Biraz vakit ayırıp aşağıdaki sorular üzerine düşünün:
* Nasıl bir aile hayatı istiyorsunuz?
* İstediğiniz aile hayatı şu an sahip olduğunuz hayattan farklı mı?
* İstediğiniz aile hayatının kendi çocukluğunuzla ortak noktaları var mı, yoksa geçmişi tekrarlamaktan kaçınma arzusu mu sizi motive ediyor?
* Aile hayatıyla ilgili genel hatıralarınız neler? Hatıralarınız olumlu mu yoksa olumsuz mu?
* Anne babanızla nasıl bir ilişkiniz vardı ya da var?
* Kendi yaklaşımınızda onların çocuk yetiştirme tarzıyla ortak noktalar görüyor musunuz? Bu size neler hissettiriyor?
Bu sorulara verilecek cevaplar doğru ya da yanlış değillerdir, ama cevaplarınızı değerlendirmeye zaman ayırmanız, bir anne baba olarak kendiniz ve çocuklarınız için ne istediğinizi bulmanıza, hayal etmenize zemin hazırlayacaktır.

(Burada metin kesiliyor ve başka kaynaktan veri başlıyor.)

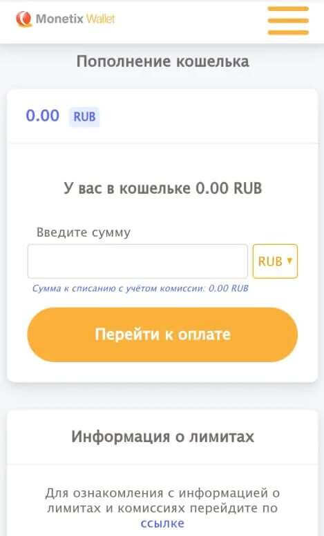 - 6. Для депозита на сайте, необходимо выбрать в Кассе способ пополнения через Monetix Wallet. Выбрать необходимую сумму депозита и нажать "Продолжить".
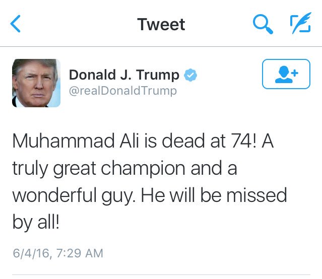 If Trump should STFU for a day, this would be it. He's making America the opposite of great, the antithesis of Alihttps://twitter.com/libyaliberty/status/739018821336457216 …
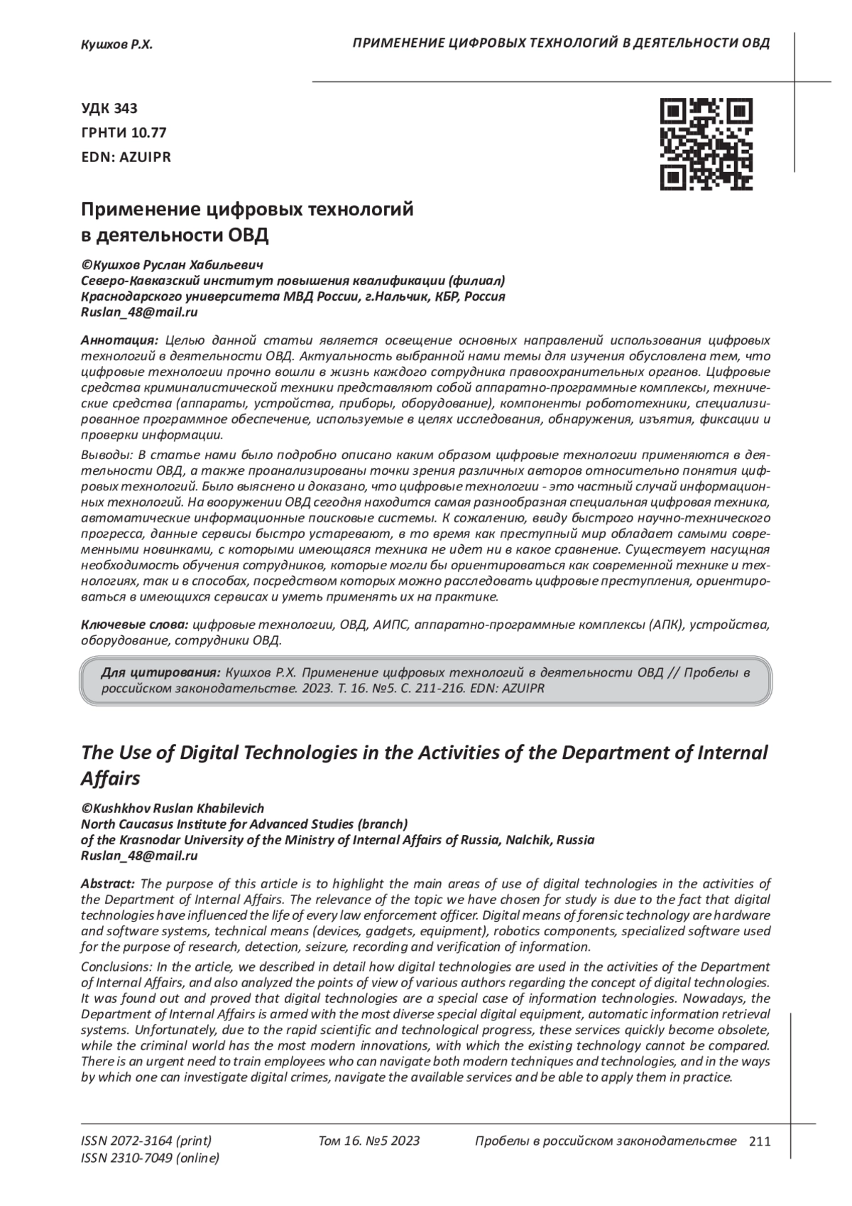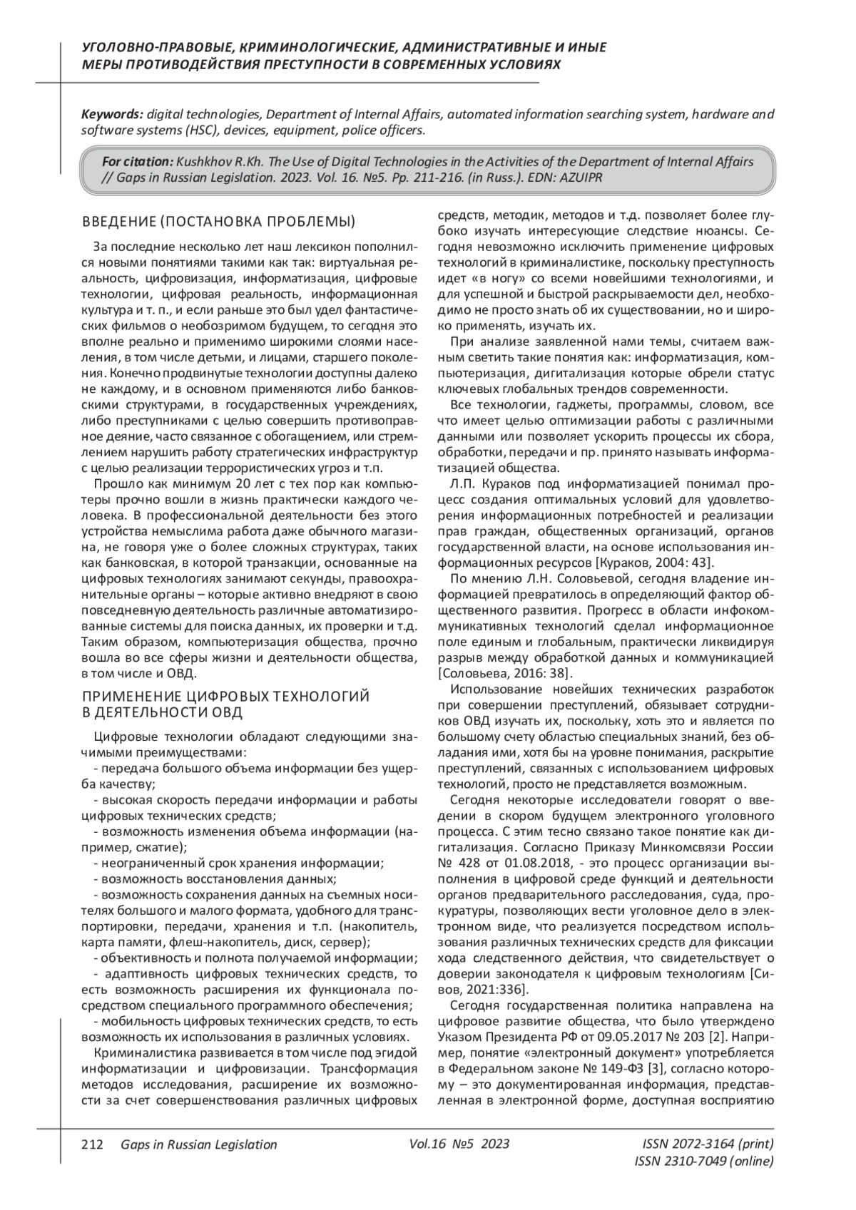 5. Колупаева Т.А. Использование информационных технологий в правоохранительной деятельности// Молодой ученый. - 2020. - № 22 (312). - С. 267-268. EDN: TNWNTE
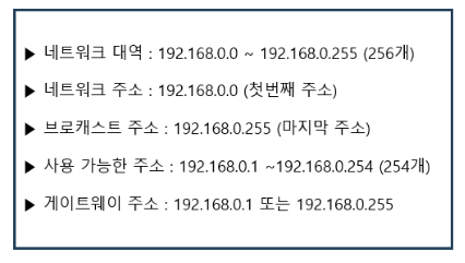 따라서 해당 대역에서 실제적 사용 가능 IP주소 중에 임의로 선택하여 지정할 수 있으며 보통 IP 주소 중 사용 가능한 주소 중에 첫번재 주소나 마지막 주소를 지정함

İlişkilerinizi değerlendirin
Aşağıdaki sorular çocuğunuzla ilişkiniz ve bu ilişkideki rolünüz hakkında düşünmenizi sağlayacaktır:
* Çocuklarınızı tek tek nasıl tanımlıyorsunuz?
* Çocuklarınızın her biriyle ilişkinizi nasıl tanımlıyorsunuz?
* Bir anne baba olarak kendinizi nasıl tanımlıyorsunuz?
* Eşinizi nasıl tanımlıyorsunuz?
* Eşinizle (ya da eski eşinizle) olan ilişkinizi nasıl tanımlıyorsunuz?
* Bir eş olarak kendinizi nasıl tanımlıyorsunuz?
* Siz ve eşiniz birbirinizden ne istiyorsunuz?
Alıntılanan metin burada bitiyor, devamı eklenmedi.